For any $\pi \in \Pi$ ,

V(\pi) := \mathbb{E}[Y^*(X, A_\pi(X))], \qquad A_\pi(X) \sim \pi(\cdot \mid X)

IDO semantics (utility view)

Fix an outcome space $\Omega$ , a kernel $P(d\omega \mid x,a)$ , a utility $U:\Omega\to\mathbb{R}^m$ , an optional social aggregator $W:\mathbb{R}^m\to\mathbb{R}$ , a risk/aggregation functional $F:\mathcal{P}(\mathbb{R})\to\mathbb{R}$ (e.g. mean, CVaR), and a strictly increasing normalization $N:\mathbb{R}\to[0,1]$ .

Y^*(x,a) \;=\; N\!\Big(F\big(\mathsf{Law}[\,W(U(\omega))\,\mid X{=}x,A{=}a]\big)\Big)

Defaults: if single-stakeholder ( $m=1$ ), $W$ is identity; otherwise pick $W$ (e.g., weighted sum, max–min). $F$ expectation, $N$ reference-policy anchoring: $N(u) = (u - F(P_{U\mid \pi_{\text{low}}})) / (F(P_{U\mid \pi_{\text{high}}}) - F(P_{U\mid \pi_{\text{low}}}))$ . Record $(U,F,N,W)$ in the assumptions ledger.

1. Axioms for the IDO (normative)

Let $Y^*(x,a)$ be the limiting value of a deliberation procedure.

A1 (Deliberative stability). There exists a sequence of increasing-effort labels $Y^{(k)}(x,a)$ s.t. $Y^{(k)}(x,a) \to Y^*(x,a)$ in $L^2$ as $k \to \infty$ .
A2 (Evidence monotonicity). If $\mathcal{F}_k \subseteq \mathcal{F}_{k'}$ , then
$\mathbb{E}[(Y^* - \mathbb{E}[Y^* \mid \mathcal{F}_{k'}])^2] \le \mathbb{E}[(Y^* - \mathbb{E}[Y^* \mid \mathcal{F}_k])^2]$
A3 (Instrumental invariance). If two procedures yield the same world-state relevant to the objective, they have equal $Y^*$ .

A1–A3 make $Y^*$ a well-defined limit of a "deliberation ladder."

Note. If $(U,F,N,W)$ change across environments, selection enters $Y^*$ and the calibration $f_k$ will not transport (§3.5 table, row " $S\to Y^*$ "). Record $(U,F,N,W)$ in the assumptions ledger (§12).

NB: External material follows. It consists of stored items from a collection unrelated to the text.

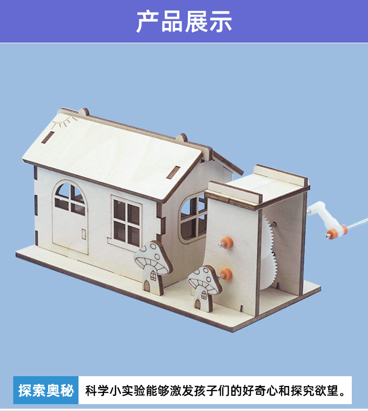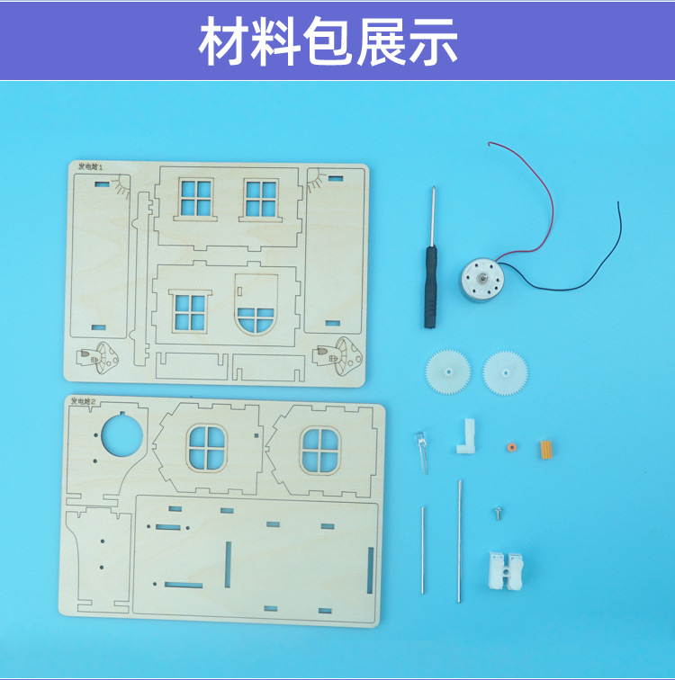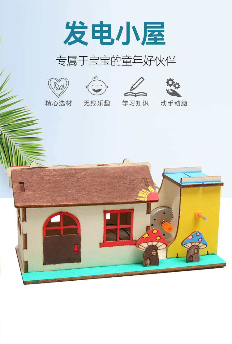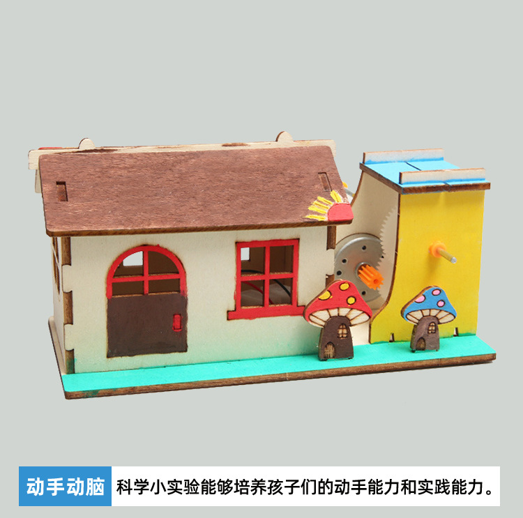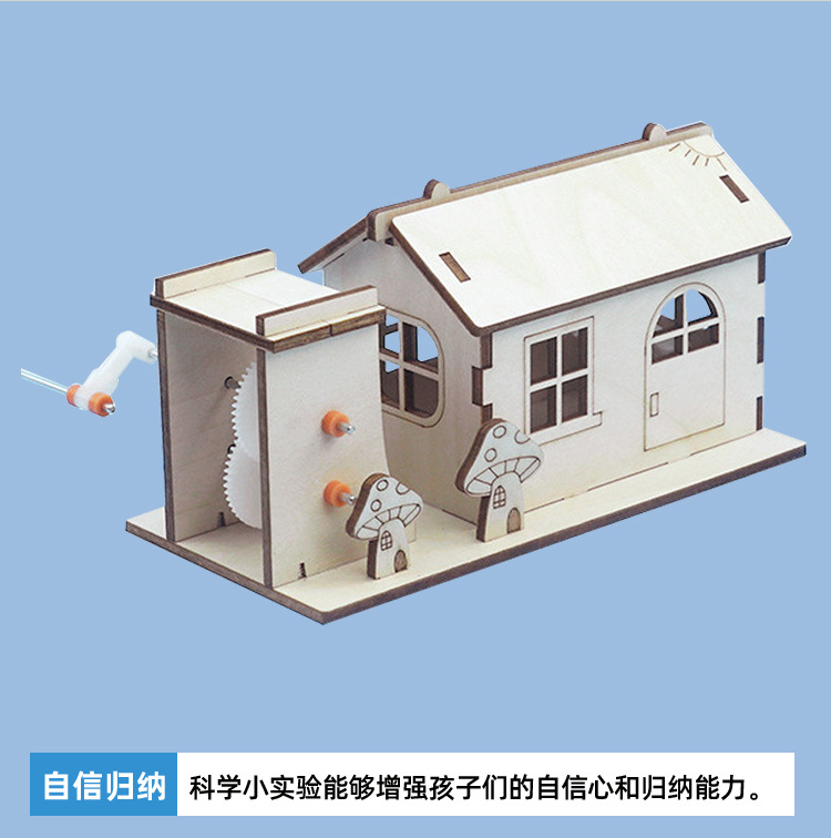 手回し発電小屋児童木製教具科学技術小製作小発明手作りdiy組立模型材料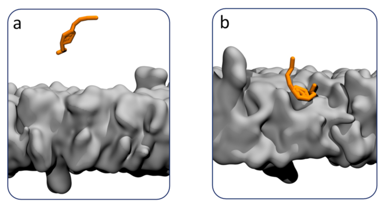 Specifically, the team’s application calculates the free-energy landscape of the binding process, revealing where and how molecules are most likely to insert into the membrane. The two molecules known to provide protection against toxic amyloid aggregates are the aminosterols trodusquemine (TRO) and squalamine (SQ), so both compounds are being studied intensively for their potential in Alzheimer’s and Parkinson’s treatment.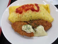 本日の昼食は、ご飯・中華スープ・かに玉あんかけ・ハム和え・漬物・フルーツでした。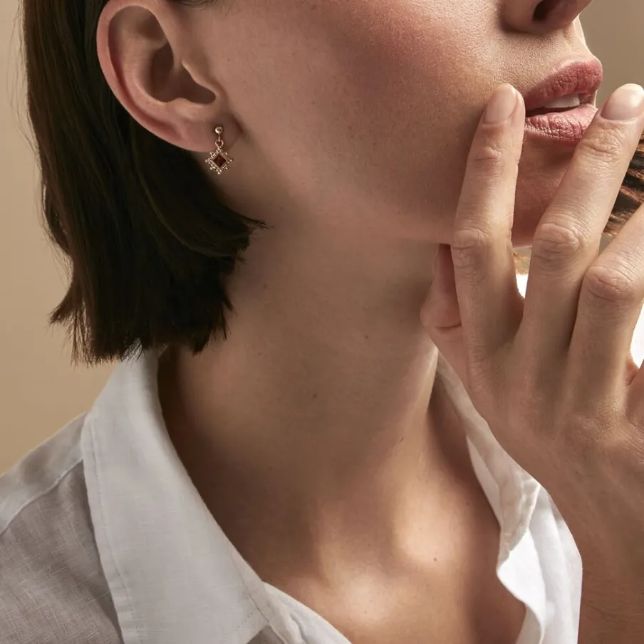 Boucles D’oreilles Pendantes Plaqué Or Jaune Losanges Oxydes De Zirconium Rouges Entourages Perlés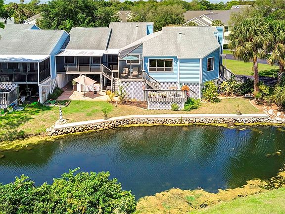 This home is optimal for a getaway or full-time residence, this end unit boasts ample natural light, creating a serene, attractive, and cozy living space. Recently renovated, it features updated flooring and a kitchen that rivals Better Homes and Gardens standards, boasting top-of-the-line cabinetry and appliances. The kitchen also showcases exquisite grade 4 granite countertops. Both bathrooms have been tastefully renovated. Outside, two patio areas offer versatility—one fully screened for enjoying morning coffee or evening cocktails with views of the tidal pond fountain, saltwater swimming pool, tennis court, and green space. The community offers a boat dock and close proximity to a county boat ramp. Additionally, protect your boat conveniently under the house and be on the water within minutes. Alternatively, head just minutes down Ft Island Rd to the beach for a refreshing dip and some sun. Come enjoy a waterfront view of the tidal lagoon from your back porch!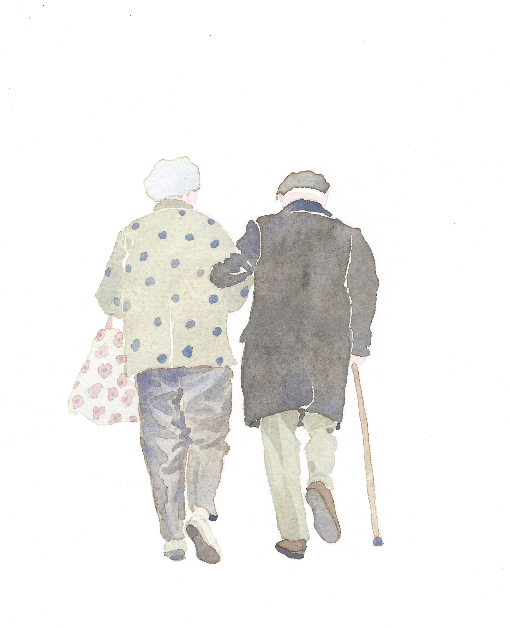Acuarela original de Elena Ciordia. Paseo / Paseatzen

2. Surrogacy (structural) and transport (stability) assumptions

S1 (IDO-surrogate sufficiency at rung $k$ ). There exists a measurable $f_k: \mathcal{S} \times \mathcal{X} \to [0,1]$ s.t.
$\mathbb{E}[Y^* \mid X, A, S^{(k)}] = f_k(S^{(k)}, X) \qquad \text{a.s.}$
(Optionally add monotonicity in a one-dimensional risk index $T = g_k(S^{(k)}, X)$ .)
S2 (Transportability across policies/time). For a collection $\mathcal{G}$ of environments (policies, cohorts, time), the same $f_k$ works: for all $g \in \mathcal{G}$ ,
$\mathbb{E}_g[Y^* \mid X, A, S^{(k)}] = f_k(S^{(k)}, X)$
Graphical test (Pearl & Bareinboim, 2014^[7]): In a selection diagram modeling environment differences via selection nodes, S2 holds if $S^{(k)}$ is S-admissible: $Y^* \perp \!\!\! \perp S \mid X, A, S^{(k)}$ in the diagram with incoming arrows to $A$ removed, where $S$ represents selection nodes. Intuitively: calibration transports if no selection node points into $Y^*$ given the surrogate.
S3 (Positivity/overlap for off-policy re-use). If estimating $V(\pi)$ from logs of $\pi_0$ , then $\pi(a \mid x) > 0 \Rightarrow \pi_0(a \mid x) > 0$ a.s.
S4 (Judge availability). For any $\pi$ used in Direct mode, we can obtain $S^{(k)}(X, A_\pi(X))$ at scale; for OPE/DR, we have $S^{(k)}(X, A_{\pi_0}(X))$ in logs.
L1 (Oracle MAR). Let $L \in \{0,1\}$ indicate whether an example received an oracle label $Y^*$ . Then $L \perp Y^* \mid (X, A, S^{(k)})$ . Oracle labeling is ignorable conditional on observed surrogates and covariates.
L2 (Oracle positivity). $P(L=1 \mid X, A, S^{(k)}) > 0$ on the support where $f_k$ will be applied. Ensures calibration function is identifiable and transportable.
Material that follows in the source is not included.